If you don’t see the GPU that you want, you might need to change your Region / Zone settings from Step 5. Learn more here.
Number of GPUs: 1
Make sure the check box “Install NVIDIA GPU driver automatically for me” is checked.
- The defaults work for the rest of the menu items. Press Create!
8. After several minutes, a virtual machine will be created and you will be redirected to a JupyterLab instance. When launching, you may need to confirm the connection to the Jupyter server running on the VM; click Confirm:
9. The notebook is ready to run! From the menu, select Run > Run all Cells to evaluate the notebook top-to-bottom, or run each cell by individually highlighting and clicking <shift>-return. The notebook has detailed instructions for every step, such as where to add the sequence(s) of a protein you want to fold.
10. Congratulations, you've just folded a protein using AlphaFold on the Vertex AI Workbench!
Using the AlphaFold predictions
The protein structure that you just predicted has automatically been saved as ‘selected_prediction.pdb’ to the ‘prediction’ folder of your instance. To download it, use the File Browser on the left side to navigate to the ‘prediction’ folder, then right click on the ‘selected_prediction.pdb’ file and select ‘Download’. You can then use this file in your own viewers and pipelines.
You can also explore your prediction directly in the notebook by looking at it in the 3D viewer. While many predictions are highly accurate, it should be noted that a small proportion will likely be of lower accuracy. To help you interpret the prediction, take a look at the model confidence (the color of the 3D structure) as well as the Predicted LDDT and Predicted Aligned Error figures in the notebook. You can find out more about these metrics and how to interpret AlphaFold structures on this page and in this FAQ.
If you use AlphaFold (e.g. in publications, services or products), please cite the AlphaFold paper and, if applicable, the AlphaFold-Multimer paper.
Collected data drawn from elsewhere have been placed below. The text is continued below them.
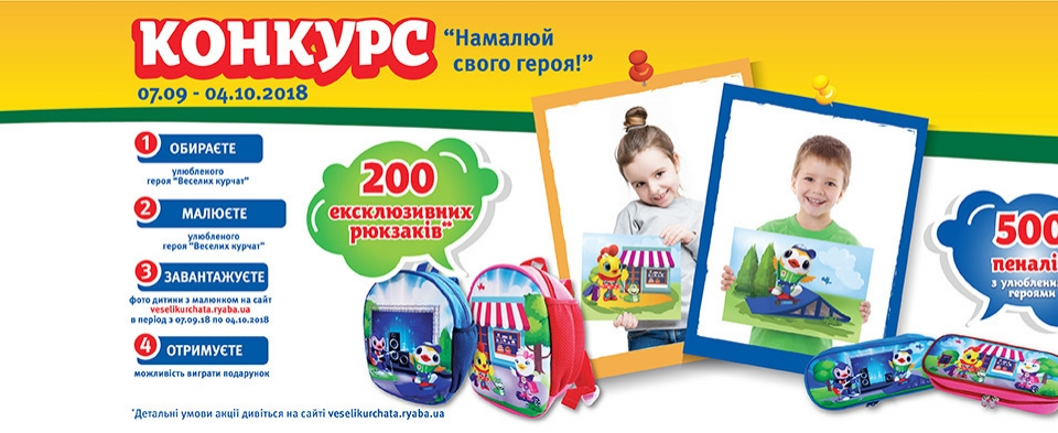 героїв «Веселих курчат», згідно рішення експертної команди організатора конкурсу, отримають у подарунок рюкзак з улюбленими героями**.
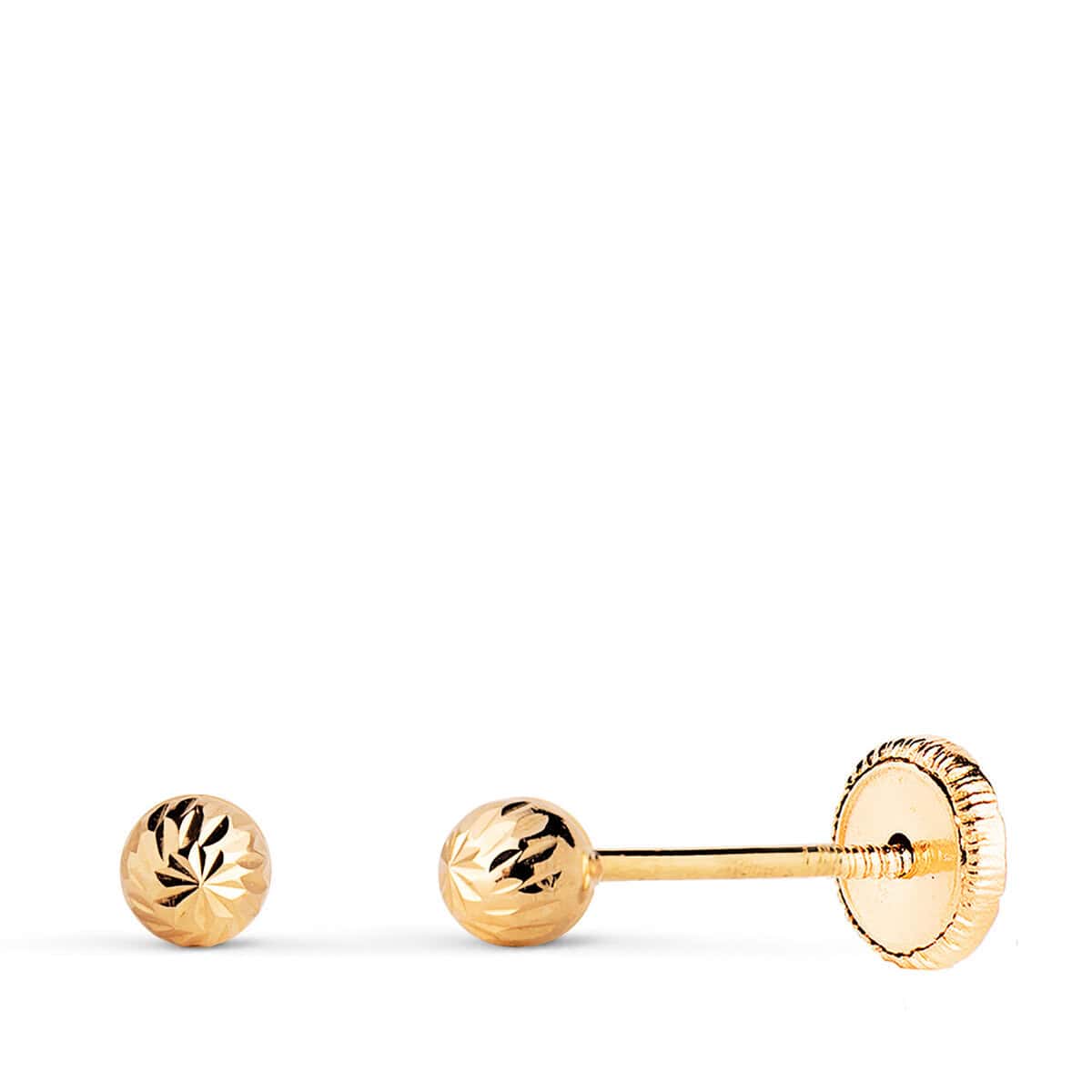 Pendientes bola huecos de 3 milímetros para bebé, realizados en Oro Amarillo de 18 kilates, con diseño de tallado sencillo y acompañadas por clásicos cierres a rosca.
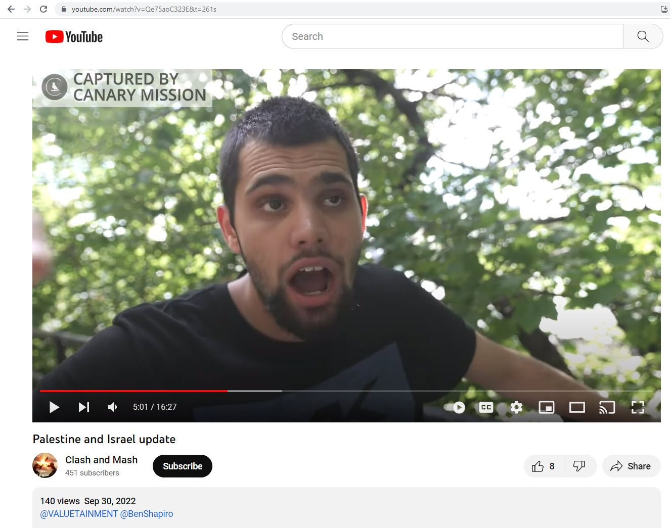 Shuaib said [00:06:00]: “We have to give the Israelis a history lesson because they forgot who Saladin is. Let me tell you who Saladin is. Ya, Benjamin Netanyahu! Ya, Ben Shapiro! You pieces of s**t! Let me tell you who Saladin is.”
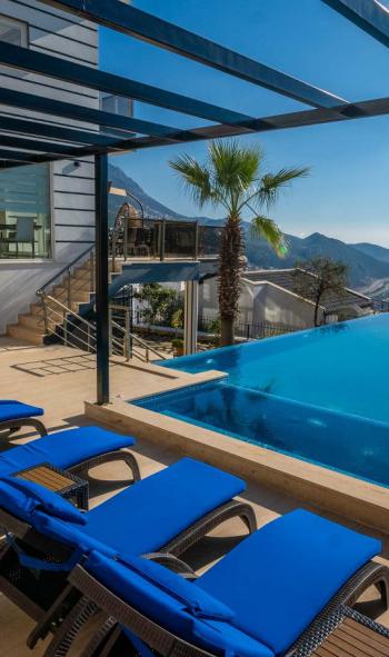 İç mekân tasarımı modern çizgilerle dekore edilmiş olan villamız, misafirlerimizin konforunu ön planda tutan detaylarla donatılmıştır. Tam donanımlı mutfak, geniş oturma odası ve ferah yatak odaları, tatil boyunca ihtiyaç duyabileceğiniz her türlü konforu sağlamaktadır. Ayrıca, havuz terasında yer alan şezlonglar ve oturma alanları, günün her saatinde manzaranın tadını çıkarabileceğiniz keyifli bir ortam sunmaktadır.
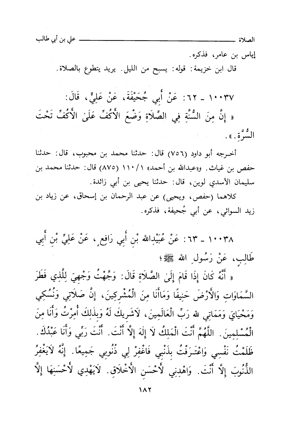 ١٠٠٣٧ - عَنْ أًبِي جُحَيْفَةَ، عَنْ عَلِيٍّ، قَالَ:
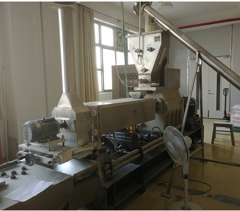 原料混合-擠壓膨化-烘干-粉碎-混合--包裝
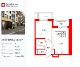 Продается просторная 1-комнатная квартира от застройщика в жилом комплексе ''Univer City'' в на юге Санкт-Петербурга.До метро можно добраться на транспорте всего за 30 минут.Удобная, классическая, функциональная европланировка, большая кухня-гостиная 17.22 м², вместительная прихожая 4.01 м². Общая площадь квартиры - 38.45 м², жилая 12.06 м², высота потолка 2.77 м.Квартира продается с отделкой ''Норд Лайн светлый''.Что особенного в ЖК ''Univer City''?• Малоэтажное строительство• Скандинавские фасады с отделкой керамогранитом, акцентные входные группы• Закрытые внутренние дворы без машин• Пешеходный променад с тематическими зонами, еловый сквер и яблоневый сад• Univer Park, включая SetlSport и SetlKids, площадку для выгула собак и зоны отдыха• Инновационный Лицей Setl с оригинальной архитектурной концепцией и уникальной образовательной средой
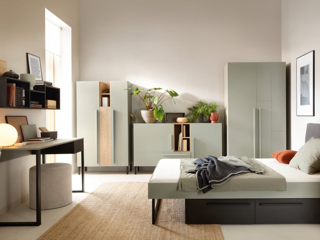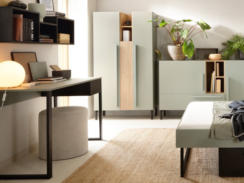 Praktikus és stílusos SERGIO gyerekszoba bútor garnitúra, amely kamaszok szobájába, de kisebb gyerekek gyerekszobájába is megfelelő lehet. Ez az időtálló kollekció lányoknak és fiúknak is egyaránt megfelelő. Két gyönyörű színváltozatban érhető el: bézs és zöld színekben. Minden komód, ruhásszekrény és polcos szekrény magas fekete lábakkal és hosszú keskeny fogantyúkkal rendelkezik. Az egyes bútorok minőségi 16 mm vastag laminált bútorlapból készülnek ABS furnérral biztosítva. A zöld színben készült bútorok balti tölggyel és antracit színekkel vannak kombinálva, míg a homokszínű elemek olajozott tölggyel és sötétkékkel az egyes fiókokon.
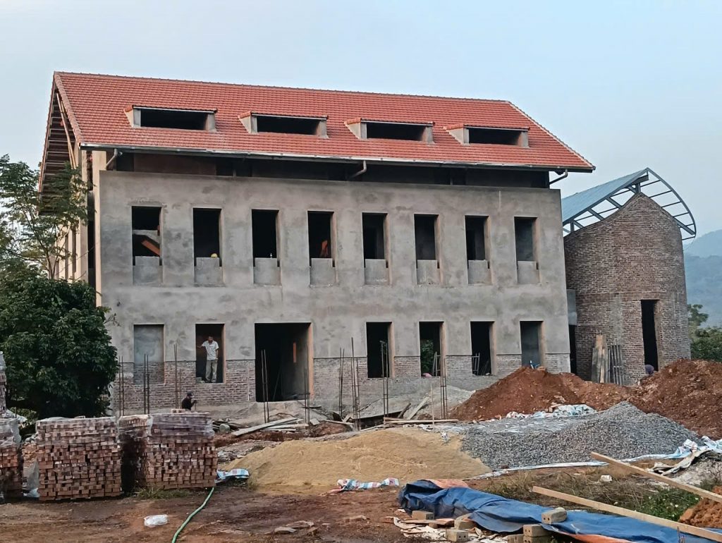 Nhà ở và làm việc của cộng đoàn MTG Hà Nội thuộc khu vực Lạc Sơn, Hòa Bình tiến độ hoàn thiện, chống thấm sàn gồm hành lang, các khu vệ sinh, tầng thư...
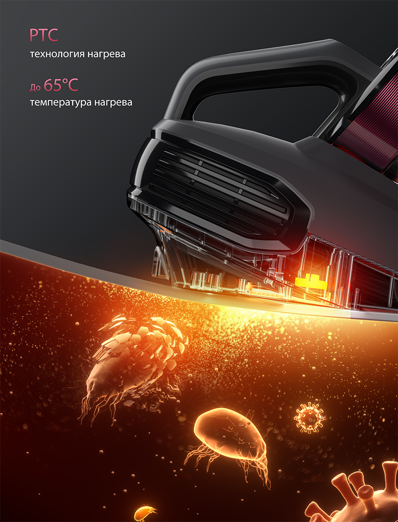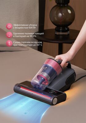 Уничтожает до 99,9% пылевых клещей и бактерий.

Looking toward innovation in biology and medicine
In this guide, we covered how to get started with AlphaFold using Vertex AI, enabling a secure, scalable, and configurable environment for research in the Cloud. If you would like to learn more about AlphaFold, the scientific paper and source code are both openly accessible. We hope that insights you and others in the scientific community make will unlock many exciting future advances in our understanding of biology and medicine.